Communists can learn from the way this crisis unfolded and what the events imply about the constitutional system we are forced to struggle within. The constitutional monarchy has not been meaningfully reformed since the dismissal.
The Dismissal
In 1969 half a million workers took part in strikes across Australia, defeating repressive federal penal laws that allowed the state to prosecute striking workers and unions. Indigenous land rights were becoming central to the struggles of Aboriginal workers on the Wave Hill cattle station.
This labour militancy was the culmination of two decades of uninterrupted postwar growth. The Labor Party almost won in 1969, just missing out on a majority by 4 seats. Graham Freudenberg, Whitlam’s speechwriter, notes in his book A Certain Grandeur that:
“The odd thing about 1969 was that Whitlam was actually helped by the buoyant economy. … It was precisely because the younger middle class electors felt content and confident that Whitlam’s appeal attracted them. Whitlam raised expectations and those electors could see no reason why their expectations could not be met.”
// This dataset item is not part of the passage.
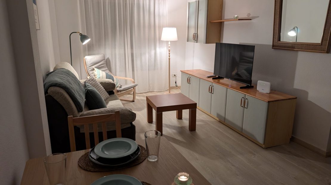 Bonito y acogedor piso a 150m de la playa , de la avenida, con garaje e Internet incluidos.

By 1972, the labour movement was confident and ready to support a Labor Government’s social democratic program. Whitlam’s slogan was “It’s time.” Labor was ready to take the reins of the country after twenty three years of continuous Liberal/National Country Party rule. Whitlam’s campaign speeches reveal a palpable sense of optimistic fervour.
The Labor Party was elected in 1972. In the first few weeks, Whitlam and his deputy prime minister Lance Barnard pulled Australian troops out of Vietnam, released all imprisoned “draft dodgers” and recognised the People’s Republic of China.
The Whitlam government would go on to lower the voting age to 18 and begin designing a national health service — Medibank. Free higher education, the introduction of no fault divorce, the establishment of legal aid and the abolition of the death penalty were other reforms the Whitlam government successfully implemented.
Unfortunately for Labor they had been elected at the exact moment that the postwar boom was beginning to turn. The 1973 Oil Shock sent an inflationary spike through the world economy and drastically increased commodity prices. The Liberal party jumped at the chance to accuse Labor of crashing the Australian economy.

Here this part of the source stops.